2nd President of Case School of Applied Science
- In office 1902–1929
- Preceded by: Cady Staley
- Succeeded by: William E. Wickenden

Personal details
- Born: September 29, 1858 Nashua, New Hampshire, U.S.
- Died: April 18, 1939 (aged 80)
- Resting place: Glendale Cemetery, Akron, Ohio, U.S.
- Spouse: Abbie A. Waite
- Alma mater: Massachusetts Agricultural College College of Wooster

= Charles S. Howe =

American academic administrator (1858–1939)

Charles Sumner Howe (September 29, 1858 - April 18, 1939) was the second president of Case School of Applied Science, now Case Western Reserve University.

Howe was born on September 29, 1858, in Nashua, New Hampshire.
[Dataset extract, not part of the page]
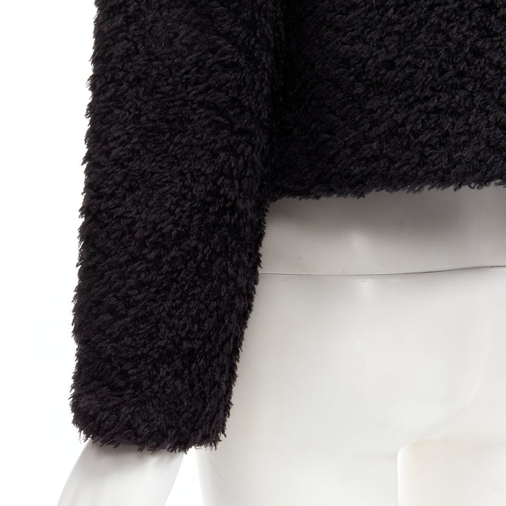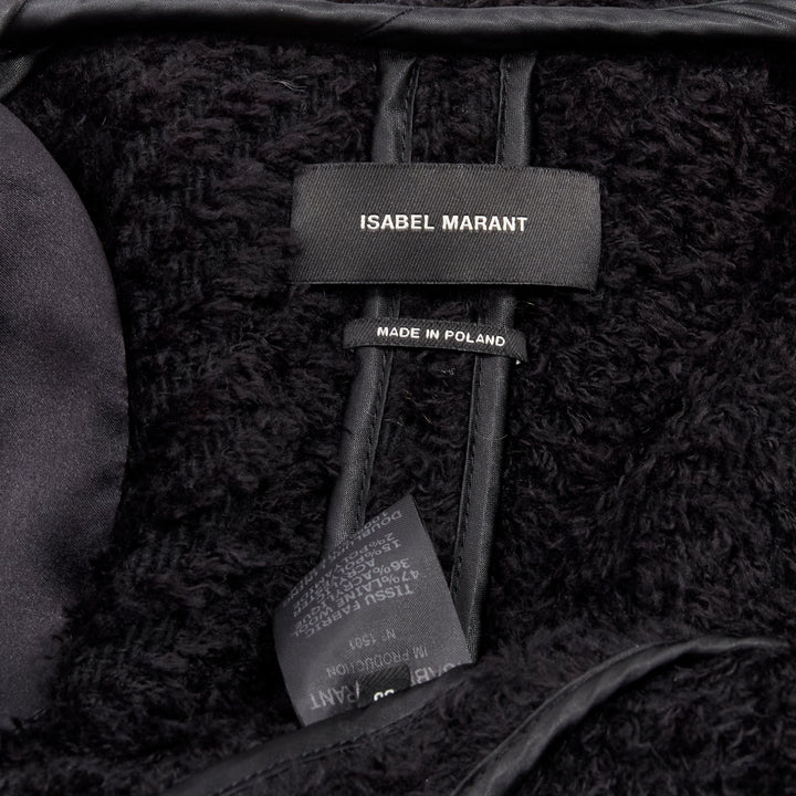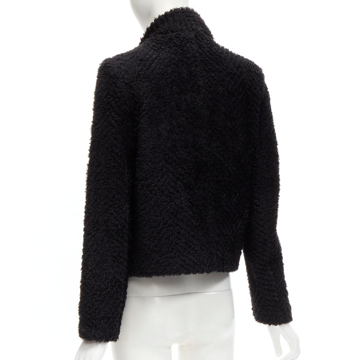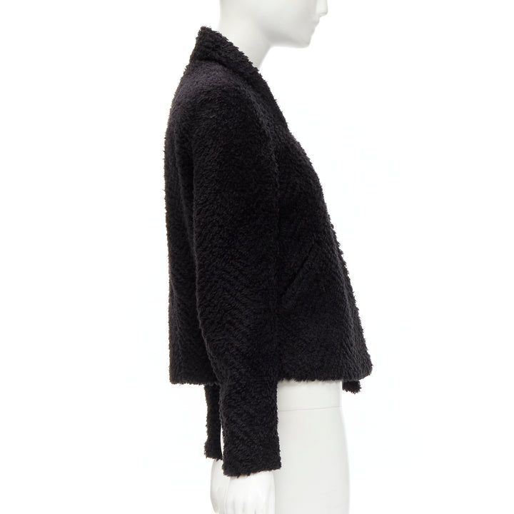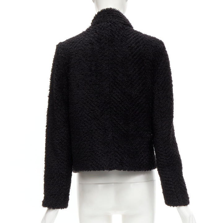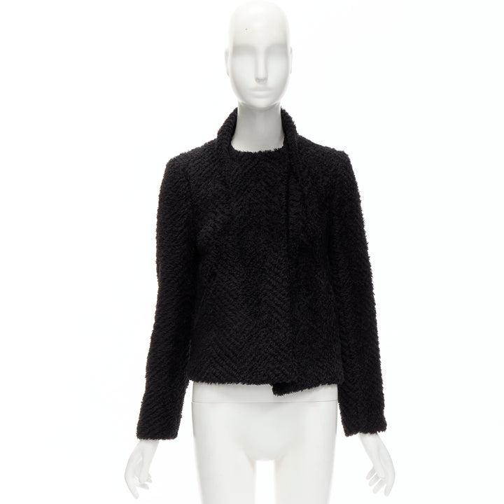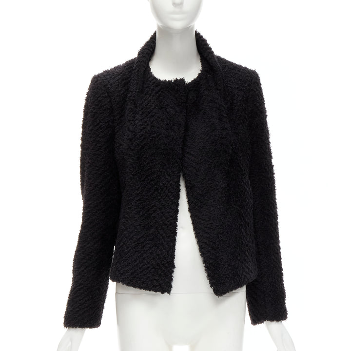 ISABEL MARANT black wool blend fluffy stand collar minimal jacket FR36 S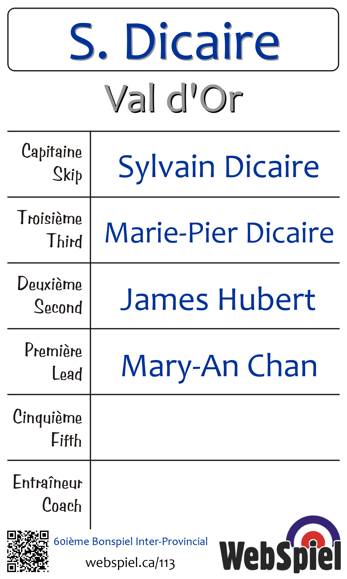 Completed. 60ième Bonspiel Inter-Provincial · Draw A17

He earned his B.S. at both Massachusetts Agricultural College (now known as the University of Massachusetts Amherst) and Boston University in 1878 and his PhD from the College of Wooster in 1887.
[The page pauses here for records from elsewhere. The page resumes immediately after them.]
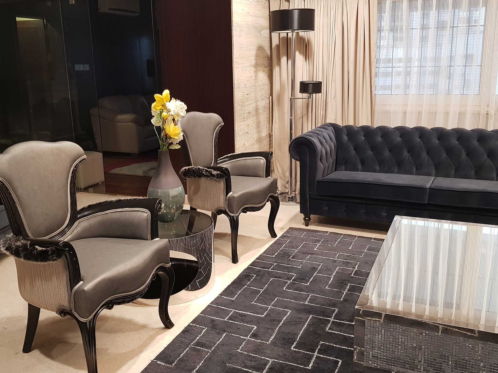 The main character of this room is this accent chair which paired with chesterfield sofa gives contemporary design look.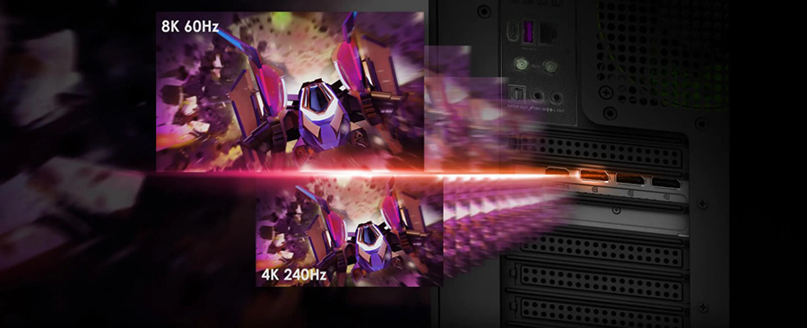 MPG Infinite Z3 en yeni DP 2.1 standardını destekler. Ultra yüksek çözünürlüklü gelişmiş grafikler ile nefes kesen 8K@60Hz veya 4K@240Hz görüntüleri capcanlı renkler ve keskin detaylarla izleyebilirsiniz.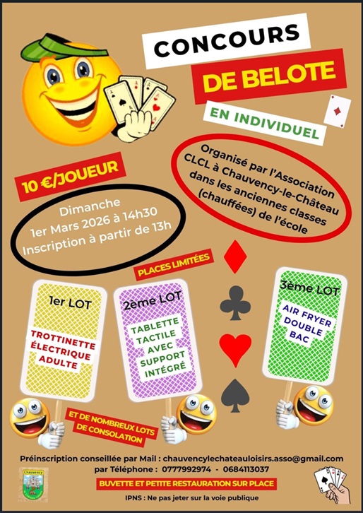 Concours de belote à Chauvency-le-Château le 1er Mars.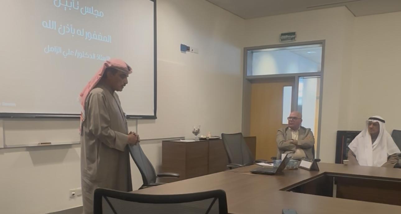 أقام قسم الرياضيات في كلية العلوم باشراف د.مريم الكندري القائم بأعمال رئيس القسم ً، مجلس عزاء وتأبين لفقيده الغالي أ.د.علي الزامل (رحمه الله)، بحضور عميد كلية العلوم أ.د.حيدر بهبهاني، وعدد من أعضاء هيئة التدريس في كلية العلوم وبحضور أخ المرحوم محمد الزامل .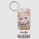 Personalised keychain with a lovely illustration. A long haired white cat looking regal and elegant. Surrounded by pink flowers, gold and diamond jewellery.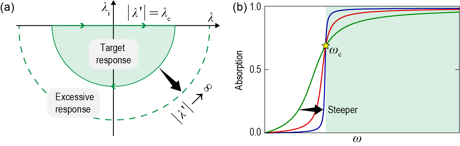 图1 (a) 声学材料频率响应的复波长平面分析。(b) 不同响应函数的吸收谱。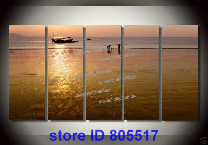 Sea Background Boat & Character Subject Canvas Abstract Oil Paintings |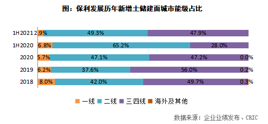 從城市布局來看,保利上半年減少了集中供地城市的拿地,重點22城的拿地建面占比同比下降了20個百分點至34%,將投資重點在三四線,三四線新增容積率面積同比增長了113.7%,占比達到47.9%,增幅有19.9個百分點,其中,珠三角區域的茂名、佛山、汕尾、清遠位居拿地建面TOP10城市。三四線城市拿地占比的提升,也使得保利2021年上半年的拿地均價同比下降了30.0%至5833元/平方米。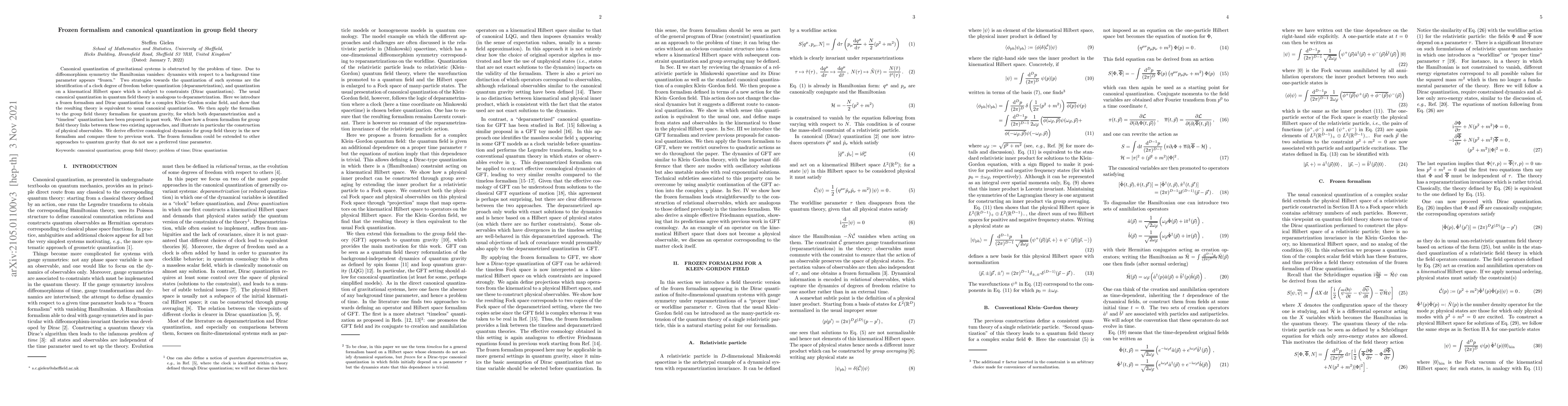 The paper presents a frozen formalism and its application to group field theory, demonstrating a method to construct a physical Hilbert space from a kinematical one, linking deparametrized and 'timeless' quantization approaches in quantum gravity.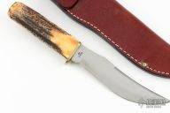 This Hunter from Case Knives features a mirror polished blade with false top edge and notched thumbrest, .113" blade stock and 1.074" blade depth, hidden tang construction. The handle has a brass guard and pommel with stag handle. Includes original brown leather sheath. Has some light scuffs and scratches, otherwise excellent condition.

As an initiate of Phi Sigma Kappa in 1876, he served as the first president of the Grand Chapter of Phi Sigma Kappa in 1878 while at its founding school of Massachusetts Agricultural College.

Howe served as principal of Longmeadow High School of Massachusetts in 1879. He moved west where he became the principal of the Academy of Albuquerque in New Mexico from 1879 to 1881, and was involved in mineral prospecting serving as an assayer for prospectors in Albuquerque until 1882.
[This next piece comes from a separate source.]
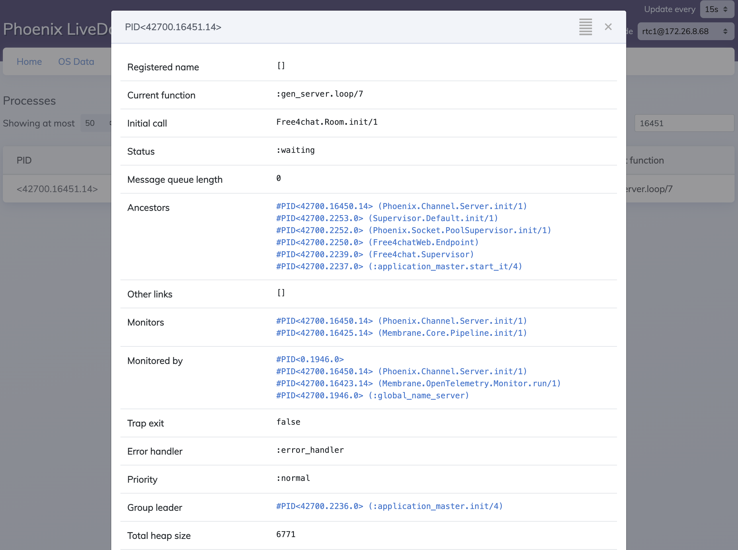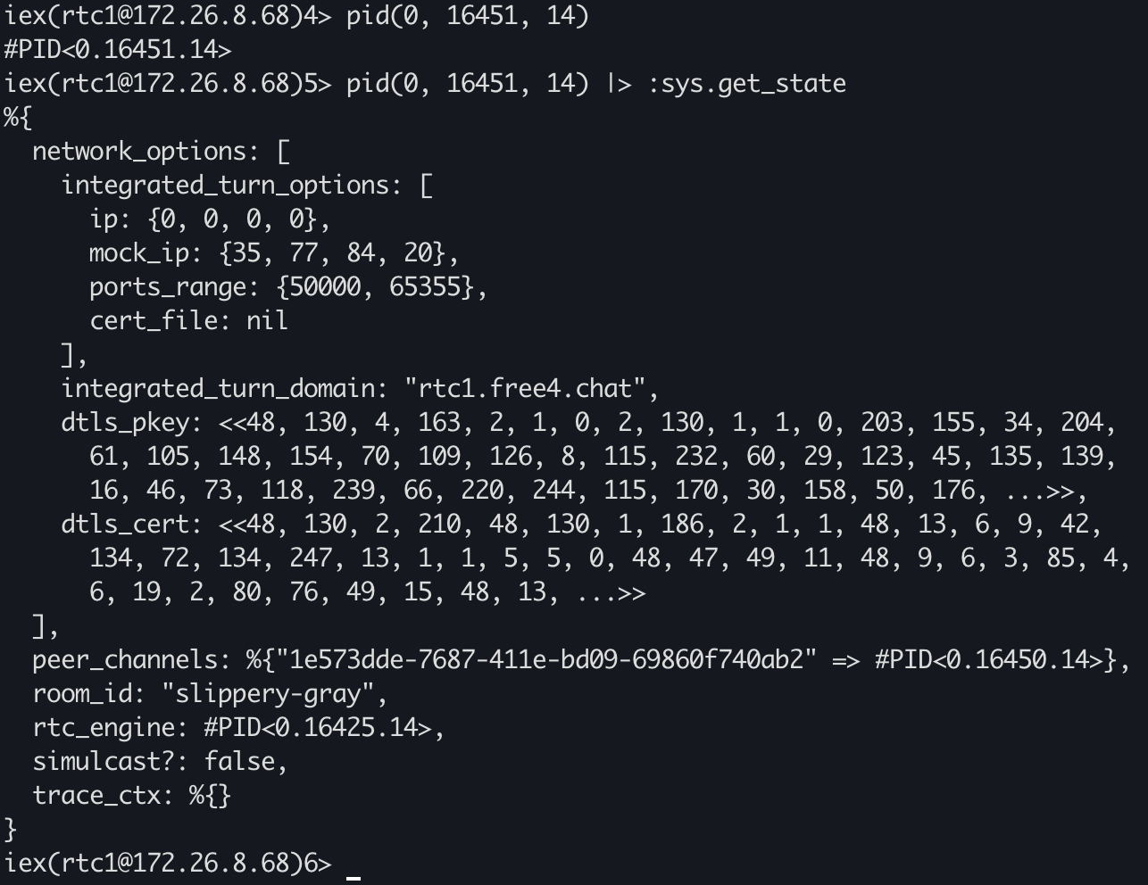 当然目前这些还不算啥惊人的部分。惊人的地方在于我们可以与这些Process在线实时交互,比如获取它们当前的状态,给它们发消息获取处理后的状态,这些在排查运行时问题时非常有帮助。比如我远程接入到集群某个节点的Erlang VM中: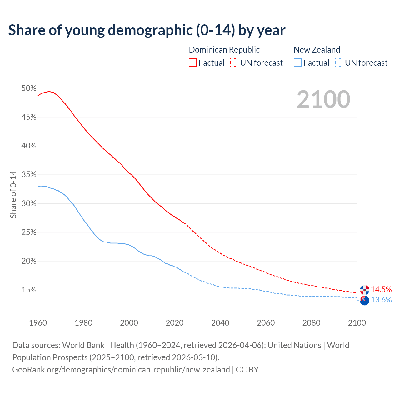 - The share of young demographic (0-15 years old) in the Dominican Republic is 26.6% vs 18.1% in New Zealand.

Howe married Abbie A. Waite on May 22, 1882, and together had three children.

From 1883 to 1889, Howe served as the Professor of Mathematics and Astronomy at Buchtel College in Akron, Ohio. He went to Case School of Applied Science in 1889 where he was also Professor of Mathematics and Astronomy until 1902. Notably, Howe brought the first German-made Riefler clock, then considered the world's best, to America, with his own modifications making it the most accurate timepiece in the world. He maintained being the Kerr Professor of Mathematics at Case School of Applied Science from 1890 to 1908.

In 1902, Howe became the second president of Case School of Applied Science in Cleveland, Ohio, holding the office until 1929. During his tenure, he maintained a close relationship with influential Clevelanders, such as John D. Rockefeller, Worcester Warner, and Ambrose Swasey.

Howe served as the national president of the Society for the Promotion of Engineering Education (SPEE) from 1907 to 1908, known today as the American Society for Engineering Education (ASEE), and served civically as the president of the Cleveland Chamber of Commerce.

Howe is buried at Glendale Cemetery in Akron, Ohio.